Task to carry out: Your copy of the listing should match it exactly, only without pictures.

Data section:
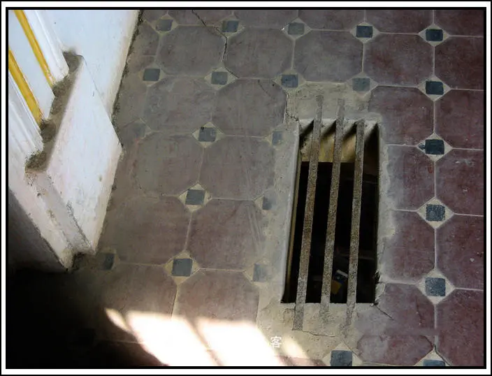 来到二楼,楼梯口有扇厚重的铁板,大小正好可以盖住楼梯口,二楼地面有一类似瞭望口的小孔正对着上楼的楼梯。
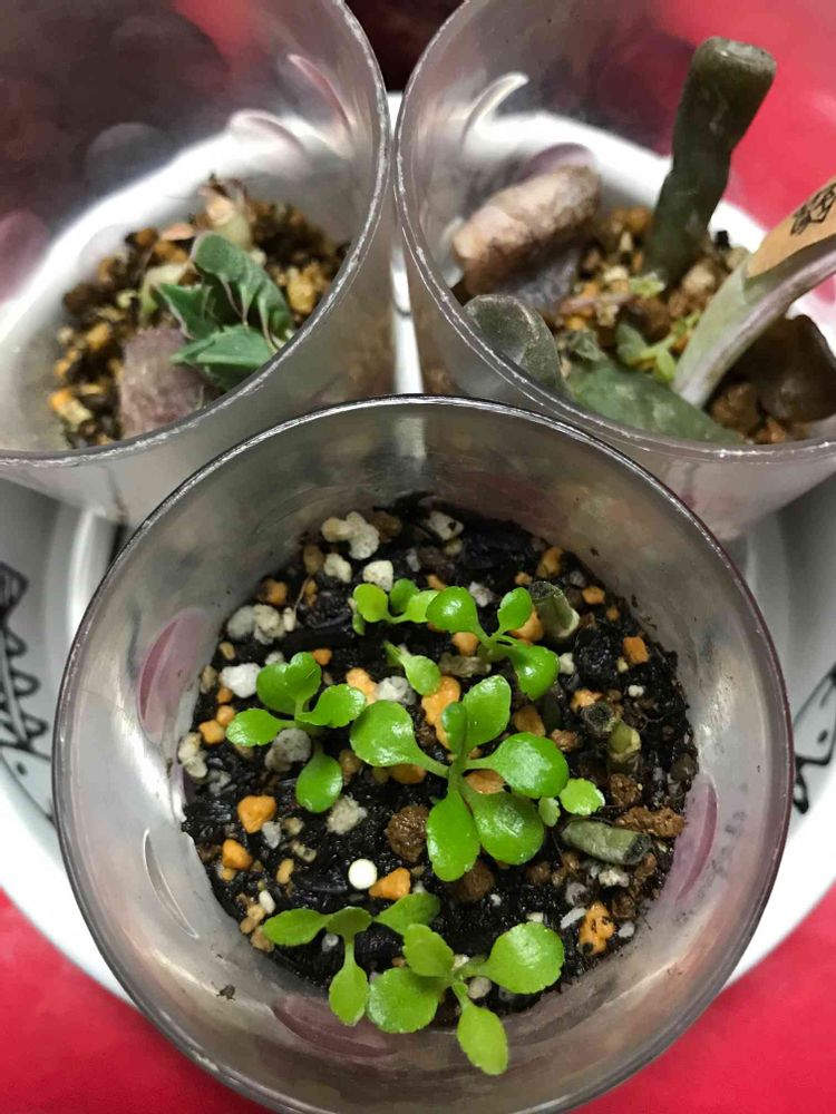 親はもう御臨終で、ひっついてた赤ちゃんだけ外してみたんですけど、辛うじて根っこがちょびっと出ていたので腰水コーナーに入れてみました。
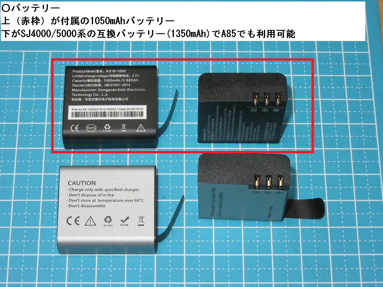 | バッテリー | 1050mAh x2本付属 ※SJ4000/5000系互換バッテリーが使用可能 |
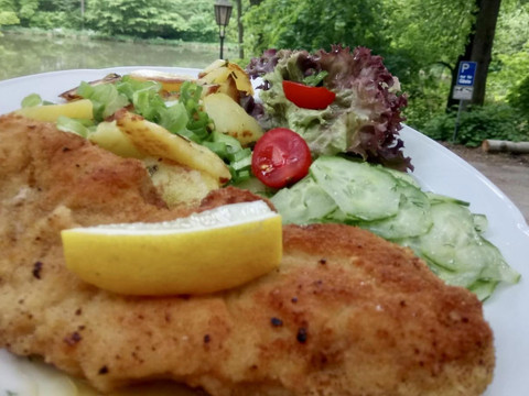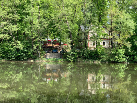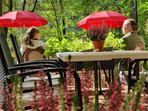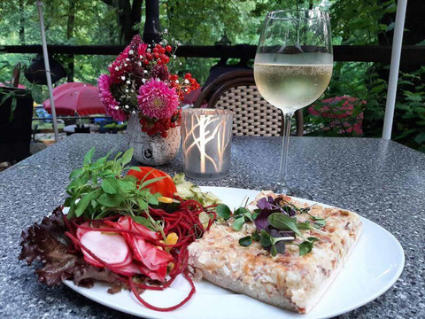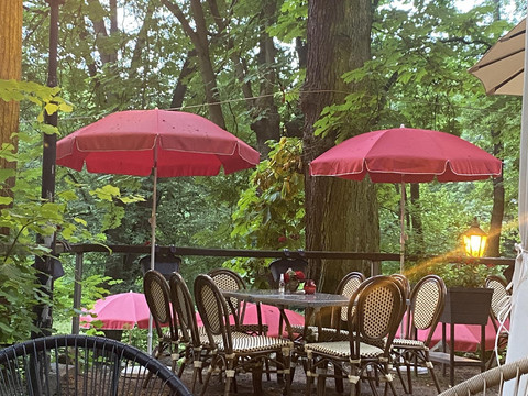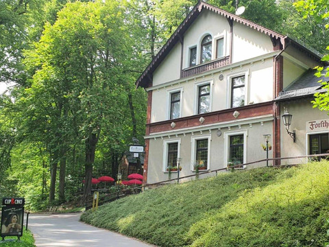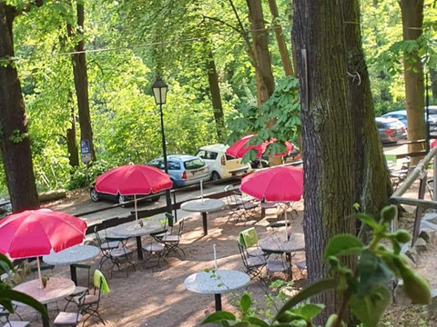Lesní háj je od začátku 20. století nádherně zasazen v idylickém Sahnparku. Obklopen vysokými, starými stromy se nachází u Gondelteichu, mezi zvěří, letním Sahn koupalištěm a známým zimním stadionem. Odjakživa provozováno jako restaurace a rekreační místo, od poloviny roku 2021 jsou k dispozici také nově zařízené apartmány a možnosti přespání až pro 9 osob. Uspořádání je relativně flexibilní, takže prostory mohou být využívány jak pro páry, přátele, rodiny, tak i pro obchodní cestující. Restaurace nabízí podle ročního období odpovídající kulinářskou nabídku.
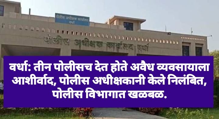 वर्धा शहरातील अवैध धंदे वाल्यांशी अर्थपूर्ण संबंध प्रस्थापित करून त्यांना या अवैध धंदे करण्यास आशीर्वाद दिल्याचा आरोप वर्धा येथील तीन पोलीस कर्मचाऱ्यावर करण्यात आला होता. जिल्हा पोलिस अधीक्षक नुरुल हसन यांच्या समोर हे प्रकरण येताच त्यांनी या तीन पोलीस कर्मचाऱ्यांना तत्काळ कारवाई करत निलंबित केले. त्यामुळे पोलीस प्रशासनात एकच खळबळ माजली आहे. पवन देशमुख, धीरज राठोड, राकेश इतवारे असे निलंबित करण्यात आलेल्या पोलिसांची नावे आहे.
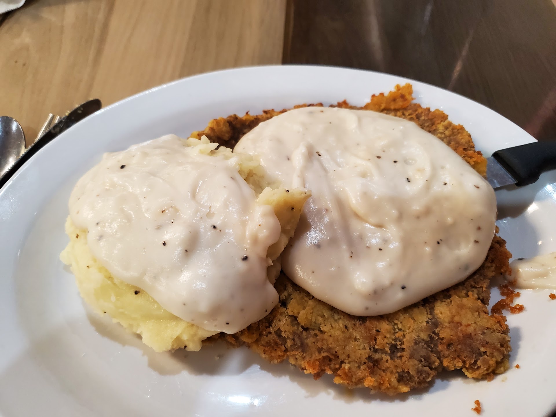 1st time visit. Don't let the neighborhood scare you away. As I thought Oh no... what an i getting myself into. I had originally went for the cinnamon rolls that every one says is the best. I however looked over menu and changed my mind I ordered the Philly Cheese steak sandwich and Fries. The sandwich was exceptional loaded with meat just the right amount of peppers and onions. Waitress did enquire if I would like mushrooms also. Passed on that. The fries are fresh cut there. They were yummy, the size was a little small. My daughter had the chicken tenders.. they were the largest pieces I had ever seen. I tried one the batter is awesome. It fried up nice crispy and light. They were not greasy. She requested gravy for dipping. It was great gravy. Her meal also came with salad, dinner role and vege. She chose deep fried okra. I never did get a cinnamon roll, when we check out the didn't have any icing..SIGH.. It has that family restaurant vibe, the waitress says everything is made from scratch. It was a good choice. Now I'll have to try earlier in the day for...
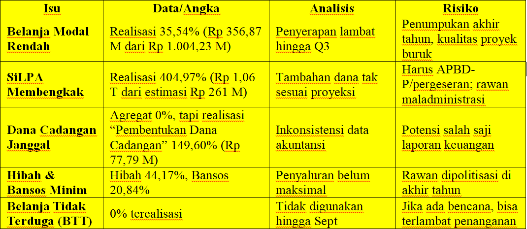 Anomali lain terlihat pada pengeluaran pembiayaan daerah. Data agregat menunjukkan 0 persen, namun rincian “Pembentukan Dana Cadangan” justru terealisasi sebesar 149,60 persen atau Rp 77,79 miliar. Inkonsistensi ini dinilai berbahaya karena menimbulkan potensi salah saji dalam laporan keuangan pemerintah daerah.
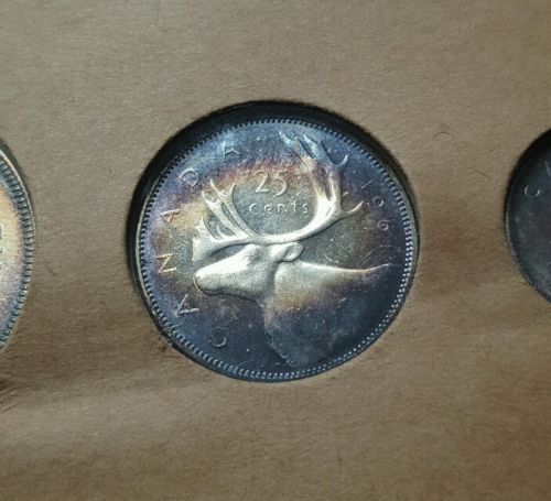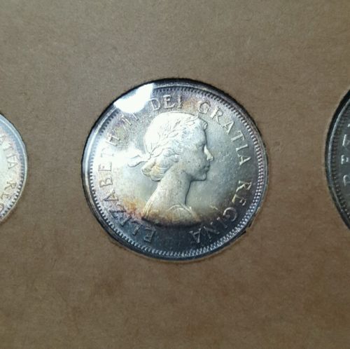 from the same seller and set from the above coin. toned 1961 Canada 50 cents. yes I already have this year, but I had to get this 1 too. sellers pics... I love the toning. I can't wait to get it in my hands. the fact that it's also has my birth year 1961 on it....had nothing to do with it. lol
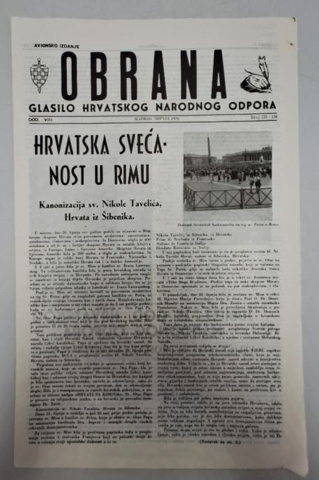 Časopis Obrana br. 133-134/1970.Glasilo hrvatskog narodnog odporaUređuje: radni skup Stranica: 16Dimenzije: 25x40Jezik: MadridPismo: LatinicaStanje: Vrlo dobroUvez: MekiGodina: 1970
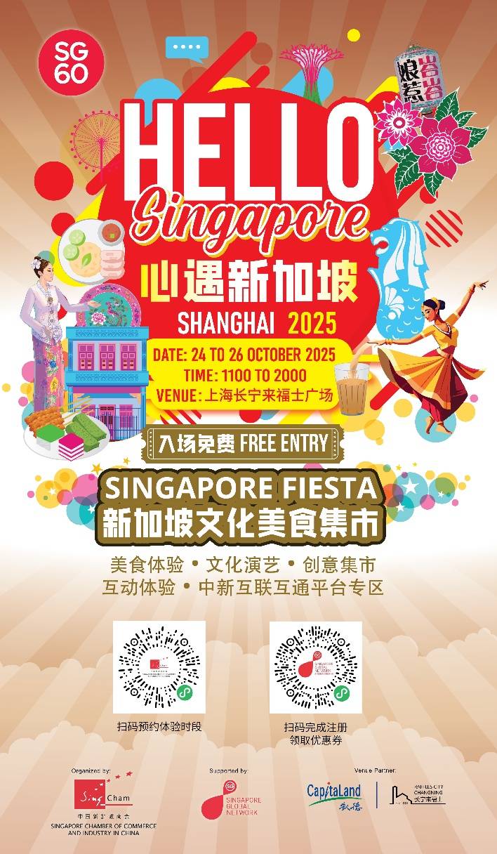 10月24日至26日,长宁来福士广场户外草坪将通过五大主题街区、涵盖约15家新加坡美食品牌的精巧布局,化身微缩版新加坡。以“视觉、听觉、味觉、触觉”四觉体验为主线,覆盖人文、历史、民族和风景四大元素,现场不仅复刻了甘榜格南的马来风情、实龙岗路的小印度色彩、如切路的娘惹韵味,更打造了滨海湾花园的未来可持续展区与纬壹科技金融互动空间。五大新加坡最具特色的经典文化街区集中呈现,通过展览、美食、互动、表演等活动为大众带来丰富多元的文化体验。

Solution:
 来到二楼,楼梯口有扇厚重的铁板,大小正好可以盖住楼梯口,二楼地面有一类似瞭望口的小孔正对着上楼的楼梯。
 親はもう御臨終で、ひっついてた赤ちゃんだけ外してみたんですけど、辛うじて根っこがちょびっと出ていたので腰水コーナーに入れてみました。
 | バッテリー | 1050mAh x2本付属 ※SJ4000/5000系互換バッテリーが使用可能 |
Lesní háj je od začátku 20. století nádherně zasazen v idylickém Sahnparku. Obklopen vysokými, starými stromy se nachází u Gondelteichu, mezi zvěří, letním Sahn koupalištěm a známým zimním stadionem. Odjakživa provozováno jako restaurace a rekreační místo, od poloviny roku 2021 jsou k dispozici také nově zařízené apartmány a možnosti přespání až pro 9 osob. Uspořádání je relativně flexibilní, takže prostory mohou být využívány jak pro páry, přátele, rodiny, tak i pro obchodní cestující. Restaurace nabízí podle ročního období odpovídající kulinářskou nabídku.
 वर्धा शहरातील अवैध धंदे वाल्यांशी अर्थपूर्ण संबंध प्रस्थापित करून त्यांना या अवैध धंदे करण्यास आशीर्वाद दिल्याचा आरोप वर्धा येथील तीन पोलीस कर्मचाऱ्यावर करण्यात आला होता. जिल्हा पोलिस अधीक्षक नुरुल हसन यांच्या समोर हे प्रकरण येताच त्यांनी या तीन पोलीस कर्मचाऱ्यांना तत्काळ कारवाई करत निलंबित केले. त्यामुळे पोलीस प्रशासनात एकच खळबळ माजली आहे. पवन देशमुख, धीरज राठोड, राकेश इतवारे असे निलंबित करण्यात आलेल्या पोलिसांची नावे आहे.
 1st time visit. Don't let the neighborhood scare you away. As I thought Oh no... what an i getting myself into. I had originally went for the cinnamon rolls that every one says is the best. I however looked over menu and changed my mind I ordered the Philly Cheese steak sandwich and Fries. The sandwich was exceptional loaded with meat just the right amount of peppers and onions. Waitress did enquire if I would like mushrooms also. Passed on that. The fries are fresh cut there. They were yummy, the size was a little small. My daughter had the chicken tenders.. they were the largest pieces I had ever seen. I tried one the batter is awesome. It fried up nice crispy and light. They were not greasy. She requested gravy for dipping. It was great gravy. Her meal also came with salad, dinner role and vege. She chose deep fried okra. I never did get a cinnamon roll, when we check out the didn't have any icing..SIGH.. It has that family restaurant vibe, the waitress says everything is made from scratch. It was a good choice. Now I'll have to try earlier in the day for...
 Anomali lain terlihat pada pengeluaran pembiayaan daerah. Data agregat menunjukkan 0 persen, namun rincian “Pembentukan Dana Cadangan” justru terealisasi sebesar 149,60 persen atau Rp 77,79 miliar. Inkonsistensi ini dinilai berbahaya karena menimbulkan potensi salah saji dalam laporan keuangan pemerintah daerah.
 from the same seller and set from the above coin. toned 1961 Canada 50 cents. yes I already have this year, but I had to get this 1 too. sellers pics... I love the toning. I can't wait to get it in my hands. the fact that it's also has my birth year 1961 on it....had nothing to do with it. lol
 Časopis Obrana br. 133-134/1970.Glasilo hrvatskog narodnog odporaUređuje: radni skup Stranica: 16Dimenzije: 25x40Jezik: MadridPismo: LatinicaStanje: Vrlo dobroUvez: MekiGodina: 1970
 10月24日至26日,长宁来福士广场户外草坪将通过五大主题街区、涵盖约15家新加坡美食品牌的精巧布局,化身微缩版新加坡。以“视觉、听觉、味觉、触觉”四觉体验为主线,覆盖人文、历史、民族和风景四大元素,现场不仅复刻了甘榜格南的马来风情、实龙岗路的小印度色彩、如切路的娘惹韵味,更打造了滨海湾花园的未来可持续展区与纬壹科技金融互动空间。五大新加坡最具特色的经典文化街区集中呈现,通过展览、美食、互动、表演等活动为大众带来丰富多元的文化体验。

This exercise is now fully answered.